You will complete two circuits focused on single-component exercises before moving on to the third and final circuit that combines the exercises from the preceding circuits. The workout is rated a level 4 because of the inclusion of a couple prone position exercises during which you balance your plank on weights (renegade rows, push-ups) and because the intent is for you to push your weight selections for each exercise. Nonetheless, the exercises and formatting are simple (not necessarily easy!) so the routine is easily adaptable to your current training needs and goals to decrease the perceived effort to that of a level 3.

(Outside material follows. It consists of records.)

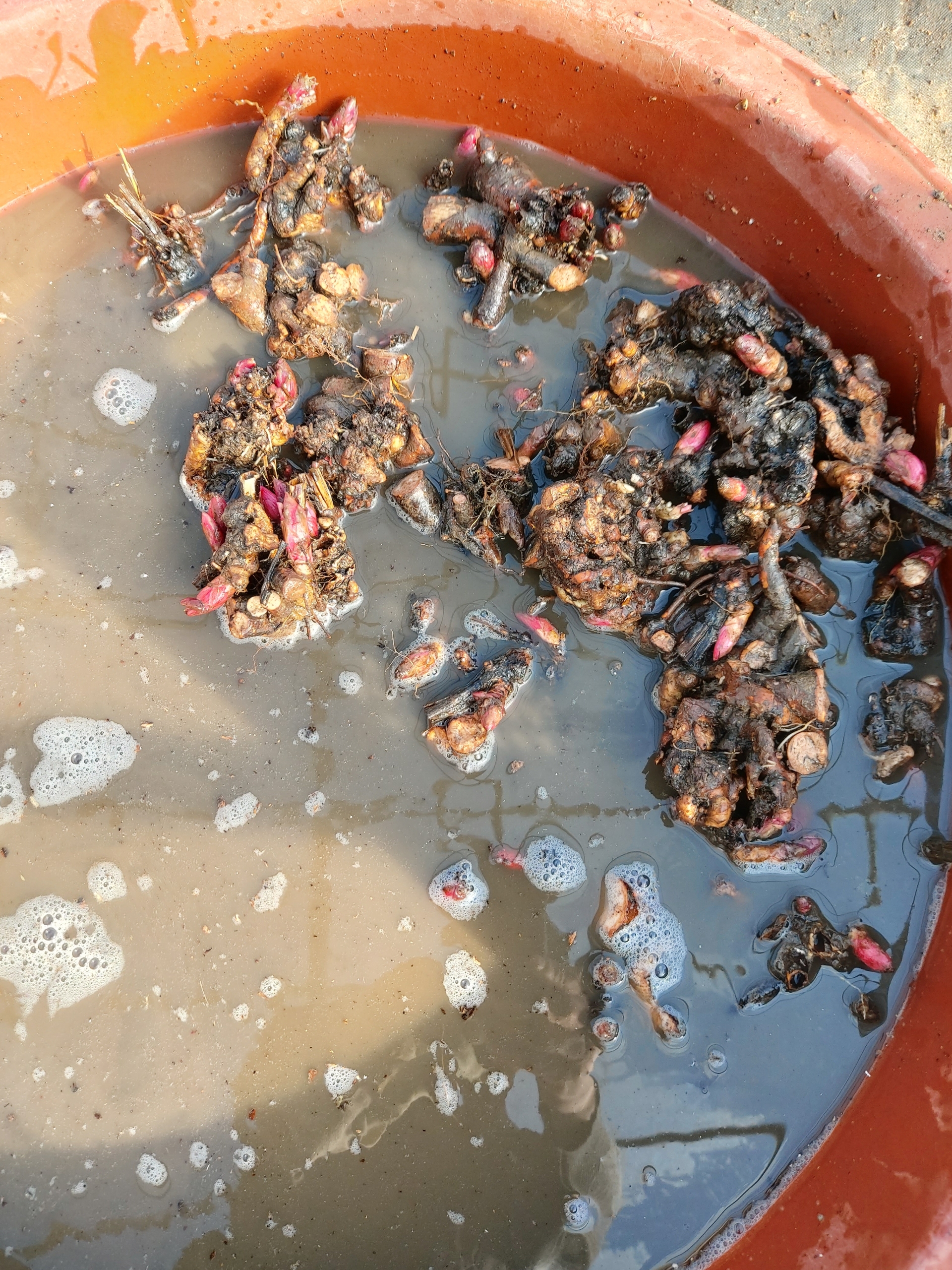 -굵은 뿌리를 묘두 부위에서 자르고(뿌리삽목) 가는 뿌리는 재배용 묘로 이용한다. (분주)
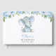 Fügen Sie Ihrer Geburtstagsfeier eine persönliche Touch mit diesen stilvollen und unvergesslichen Party hinzu! Das Design ist mit blauen Aquarellfarben-Blume (Rose und Torfbäume), grünen Blätter und kleinen Elefanten auf weißem Hintergrund gestaltet.
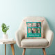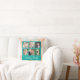 Dieses Kopfkissen mit sechs Foto-Rahmen-Collage ermöglicht es Ihnen, Fotos Ihrer Familie hinzuzufügen. Dieses aquamarine und orangefarbene Kissen ergänzt Ihre Zuhause oder ein einzigartiges Geschenk.
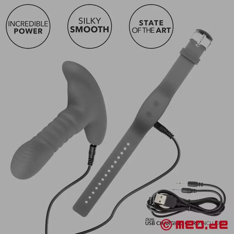 Kompaktní anální kolík se zavádí, zatímco dálkové ovládání leží na zápěstí jako jednoduchý náramek - pro nezasvěcené vypadá jako sledovač aktivity. Uvnitř análního kolíku pracují dva motory, které kombinují dvanáct funkcí Vibration!, pulzací a eskalace se synchronizovanými rázy a rotačním pohybem hřídele. To vytváří hluboký, pulzující pocit, kterého klasické vibrátory nemohou dosáhnout.

Under 30-minute routines such as this one are great for me when I’m a bit more focused on upping my running mileage and/or increasing the intensity of my training runs. I’m a hybrid athlete so I’m always simultaneously focused on improving my running and strength (among other goals, haha) but the emphasis on these varied components of my training regimen requires a continuously changing balancing act of training variables (frequency, intensity, etc.). Sometimes I need an uncomplicated, short duration approach to lifting!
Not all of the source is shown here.